The PGA Tour is not perfect. Like any professional athletic organization, it has lots of egos and television contracts and compromise. Like every other major pro sport, money rules.

The PGA Tour is refreshing, however, in many ways, not the least of which is its non-violence and its competitive uniqueness. Unlike football, basketball and baseball, golfers have to excel to get paid. Guaranteed, multiyear contracts do not exist.

But the PGA Tour also has one major current issue. His name is Donald Trump.


The bombastic, front-running presidential candidate owns golf courses around the world, including the current stop on the PGA Tour. The WGC-Cadillac Championship is being held this week at the Trump National Doral Resort in Florida.

Trump took ownership of the resort four years ago. He usually arrives at tournament in typical fashion — with as much fanfare as possible — on his signature-dominated helicopter.

According to a report in the Wall Street Journal, the billionaire's arrival method at the tournament this year may change, considering the current presidential race.

Golf's Rulers Have Issues With Trump

Last summer, the PGA Tour and three other national governing golf organizations, the PGA of America, the U.S. Golf Association and the LPGA, announced together a "distancing" from Trump's controversial remarks about immigration.

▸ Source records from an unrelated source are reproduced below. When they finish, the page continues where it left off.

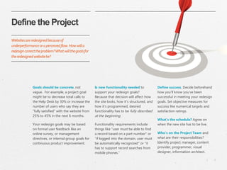 This document outlines the key steps in a successful website redesign process: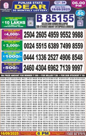 Punjab State Dear 50 Monthly Lottery Result 16.09.25 Winners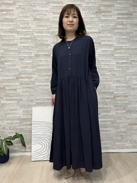 独特のまろやかさとポコポコした爽やかな風合いが魅力のワンピースは無地と花柄でご用意しました。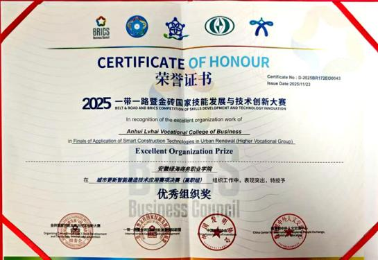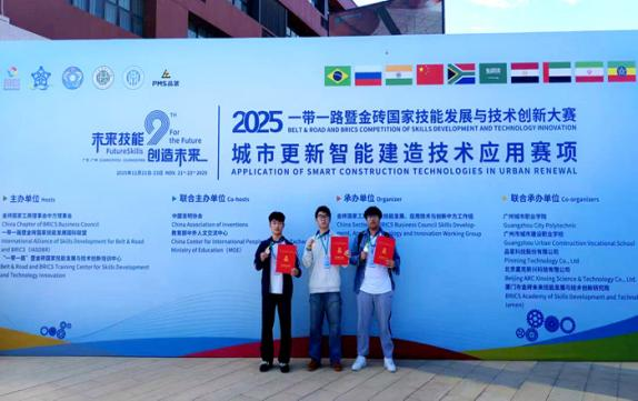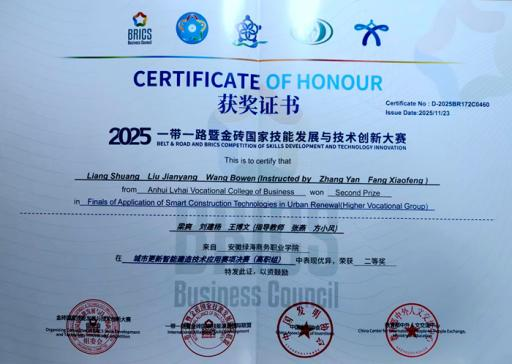 近日,2025一带一路暨金砖国家技能发展与技术创新大赛城市更新智能建造技术应用赛项决赛在广州圆满落幕。安徽绿海商务职业学院工商管理学院建筑消防技术专业梁爽、刘建杨、王博文三位同学组成的参赛团队,凭借扎实的专业功底与出色的实践能力,从全国124支参赛队伍中脱颖而出,荣获国赛二等奖;团队指导教师张燕、方小风获“优秀指导教师”称号;学校获“优秀组织奖”。这是继该校学子在交通土建数字化施工技术应用赛项获得国赛三等奖后,在该系列赛事中取得的又一突破。

Last December, the PGA Tour said it would re-evaluate the now 53-year relationship it has with Doral as an annual stop on golf’s biggest circuit. Tour officials said in a statement at the time:

"Mr. Trump's comments are inconsistent with our strong commitment to an inclusive and welcoming environment in the game of golf."

The PGA Tour and corresponding organizations should act quickly on their beliefs.


Future World Golf Championships and both the U.S. Women's Open in New Jersey and Senior PGA Championship in 2017 are scheduled on Trump-owned golf facilities.

In his interview with the Wall Street Journal, Trump said he hasn't had much time to play golf. He was as also quoted saying "I love golf."

What the article didn't address is another pending issue: What would Trump say if he knew a Muslim or a non-citizen arrived at one his courses to play or at one his resorts with money to spend? It's likely, like the PGA Tour, money would override convictions.

Spokesmen for at least two golfing organizations said in the Wall Street Journal the Trump situation is being "monitored." Trump’s response: “I have binding contracts."

If golf's governing organizations don't want to appear as inconsistent, as vague, as biased as Trump, they will sever their relationships with him promptly.

And if any further reasons are necessary, consider Trump's repeated comments about his enjoyment of the game.

He told then newspaper, "I love golf, but let me tell you, when you finish making a speech in front of 25,000 people, you're not in the mood to play golf. It's a completely different mind-set."

That statement gives credence to a notion that Trump doesn't quite love golf for the game, but rather the money it generates for his empire.


The reason: Playing golf after speaking to 25,000 people seems like a perfect thing to do. Golfers who love golf will play anytime.